With the threat of the Union fleets no longer present, Brown was granted four days of leave at Grenada, Mississippi, for recovery from injuries. Before leaving, he ordered Lieutenant Henry K. Stevens that Arkansas should not be moved. Van Dorn was also informed that the ship's engine problems prevented her from being usable without repairs. Brown fell ill, while Van Dorn planned an attack on the Union-held city of Baton Rouge, Louisiana. Major General John C. Breckinridge was in charge of the Confederate army assault against Baton Rouge, but soon saw almost half of his force stricken by disease. To make up for the loss in manpower, Breckinridge asked for Arkansas to support his attack. Despite the ship still being in a poor state of repair, Van Dorn ordered her to take part in the attack. Stevens objected, citing Brown's orders that the ship should not be moved, and the question went to the Confederate States Department of the Navy, who decided not to intervene. After making final preparations, Stevens was forced to steam the ironclad towards Baton Rouge. Brown learned of the debate, and left his sickbed to prevent Arkansas from leaving Vicksburg, but learned that she had already left when he reached Jackson.

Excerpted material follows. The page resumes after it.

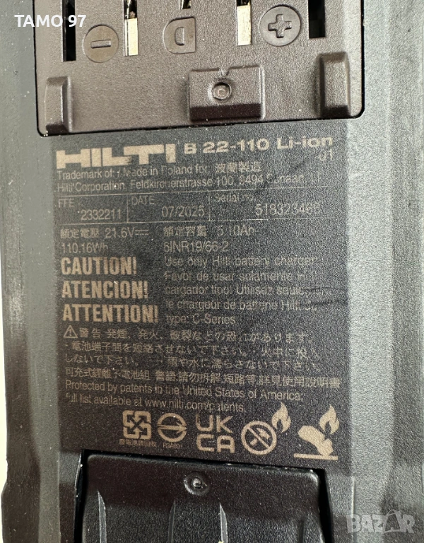 Продавам акумулаторна батерия на Хилти за новата Nuron серия 22V 5.10Ah с индикатор. Имам налични 2 броя батерии, като нови използвани броени пъти. Оригинално полско производство от 07.2025г. внос от Франция. Обявената цена е за една батерия или може двете заедно за 270евро без коментар! Пращаме с преглед и тест с куриерска фирма еконт може и лично предаване за гр. Шумен.

Complicating matters, the ship's regular engineer was too sick to make the journey, and an army volunteer who lacked experience with the type of engines used on the ship served as the engineer. Engine troubles occurred during the journey, causing the ship to spin. Essex was one of the Union ships at Baton Rouge, and her fire helped repulse Breckinridge's attack in the Battle of Baton Rouge. After reaching a point close enough to see Baton Rouge, Stevens and the ship's pilot decided upon a plan of attack: to ram and sink Essex and then move downstream in order to block the retreat of the smaller Union vessels present. During the movement, Arkansas suffered another engine failure, which caused her to run aground on some cypress stumps. It took several hours to repair the engines, and some iron that had been covering the deck was thrown overboard to lighten the ship. Arkansas was able to free herself, but the strain on the engines caused a crank pin to break. A forge was constructed to create a new pin, and an engineer on board the ship with blacksmithing experience created a new one. Fixing the engine took all night, and when the ship attempted to move downstream again on August 6, the other engine broke down, rendering her immobile. Essex approached, and Stevens ordered the scuttling of his ship. Burning, Arkansas floated downstream before blowing up and sinking around noon.

In 1981, the National Underwater and Marine Agency discovered the wreck of Arkansas under a levee below Free Negro Point, near Mile 233. The site is possibly the location of an old sand and gravel pumping site that reported finding skeletons and projectiles.